* _Instructions for the task_
After locating the line that holds "新华社记者 朱 祥 摄", repeat it and each following line exactly until the material ends, skipping pictures.

* _Data_
════════════════════
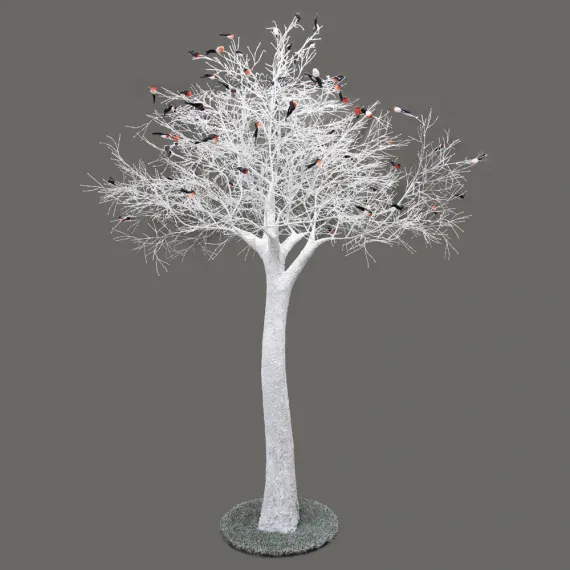 300разб/Пр/173-1 Дерево заснеженное на основан.со снегирями h300см
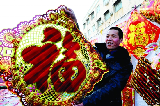 1月30日,河南省荥阳市广武镇一位农民在年货市场上选购福字门贴。 春节临近,河南各地农村新春气息越来越浓,年货市场上春联、门神、福字门贴、红灯笼等喜庆饰品琳琅满目,呈现出一派红红火火的节日景象。 新华社记者 朱 祥 摄
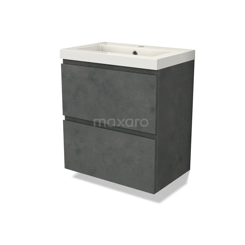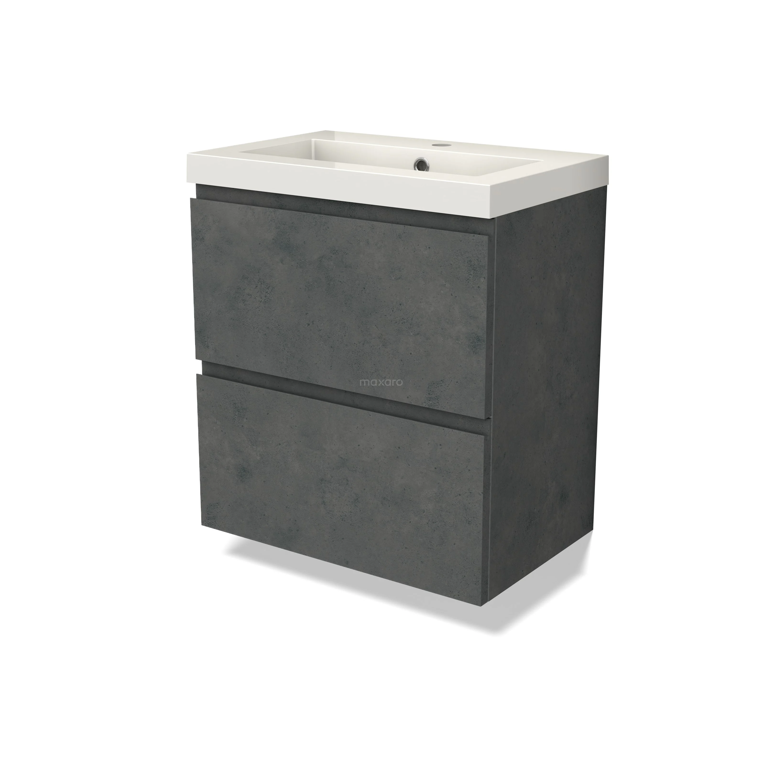 Modulo Slim Waschtische | 60 cm Dunkelgrauer Beton Grifflos front Mineralguss 2 übereinanderliegende Schubladen
════════════════════
* _Written response_
 1月30日,河南省荥阳市广武镇一位农民在年货市场上选购福字门贴。 春节临近,河南各地农村新春气息越来越浓,年货市场上春联、门神、福字门贴、红灯笼等喜庆饰品琳琅满目,呈现出一派红红火火的节日景象。 新华社记者 朱 祥 摄
 Modulo Slim Waschtische | 60 cm Dunkelgrauer Beton Grifflos front Mineralguss 2 übereinanderliegende Schubladen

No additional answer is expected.